**WHAT TO WORK ON**
For the listing below, the answer is an exact retyping of the lines from the one with "Research has shown" through the one with "고기,고구마도 구워먹고 김치찌개와 떡볶이도~", both included, without pictures.

**EXERCISE DATA**

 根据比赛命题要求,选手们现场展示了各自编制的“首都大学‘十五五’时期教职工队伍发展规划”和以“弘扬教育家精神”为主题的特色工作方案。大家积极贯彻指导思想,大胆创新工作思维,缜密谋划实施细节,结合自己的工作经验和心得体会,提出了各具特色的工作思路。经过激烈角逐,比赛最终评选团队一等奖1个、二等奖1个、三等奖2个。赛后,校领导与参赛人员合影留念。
==
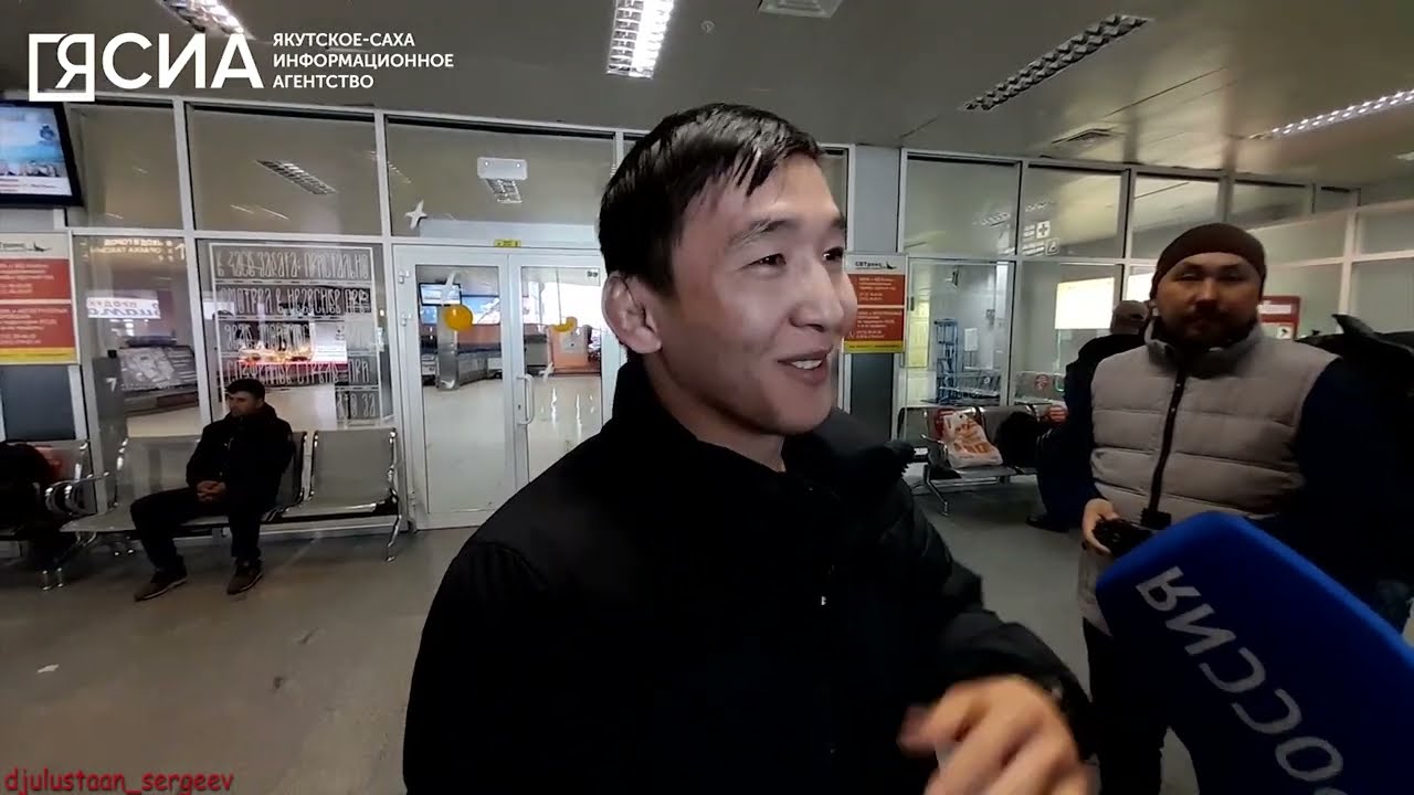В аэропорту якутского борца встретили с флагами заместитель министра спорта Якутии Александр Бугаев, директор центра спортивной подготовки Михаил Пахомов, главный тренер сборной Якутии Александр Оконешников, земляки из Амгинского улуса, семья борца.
...
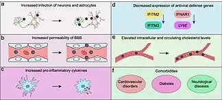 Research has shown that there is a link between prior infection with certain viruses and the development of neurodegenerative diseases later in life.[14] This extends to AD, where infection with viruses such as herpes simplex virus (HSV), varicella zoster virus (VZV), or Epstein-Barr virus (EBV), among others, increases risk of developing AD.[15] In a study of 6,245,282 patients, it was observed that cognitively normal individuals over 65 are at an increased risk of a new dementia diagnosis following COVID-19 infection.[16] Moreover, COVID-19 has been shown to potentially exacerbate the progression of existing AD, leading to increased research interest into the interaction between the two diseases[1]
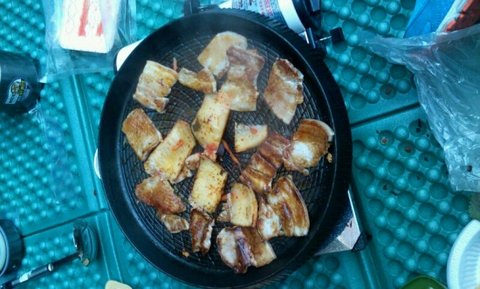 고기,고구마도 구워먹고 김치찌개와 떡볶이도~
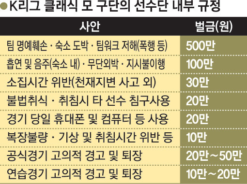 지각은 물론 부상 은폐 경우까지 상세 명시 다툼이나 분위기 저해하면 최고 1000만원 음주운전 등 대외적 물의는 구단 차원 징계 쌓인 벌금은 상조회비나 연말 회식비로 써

**OUTPUT OF THE TASK**
 Research has shown that there is a link between prior infection with certain viruses and the development of neurodegenerative diseases later in life.[14] This extends to AD, where infection with viruses such as herpes simplex virus (HSV), varicella zoster virus (VZV), or Epstein-Barr virus (EBV), among others, increases risk of developing AD.[15] In a study of 6,245,282 patients, it was observed that cognitively normal individuals over 65 are at an increased risk of a new dementia diagnosis following COVID-19 infection.[16] Moreover, COVID-19 has been shown to potentially exacerbate the progression of existing AD, leading to increased research interest into the interaction between the two diseases[1]
 고기,고구마도 구워먹고 김치찌개와 떡볶이도~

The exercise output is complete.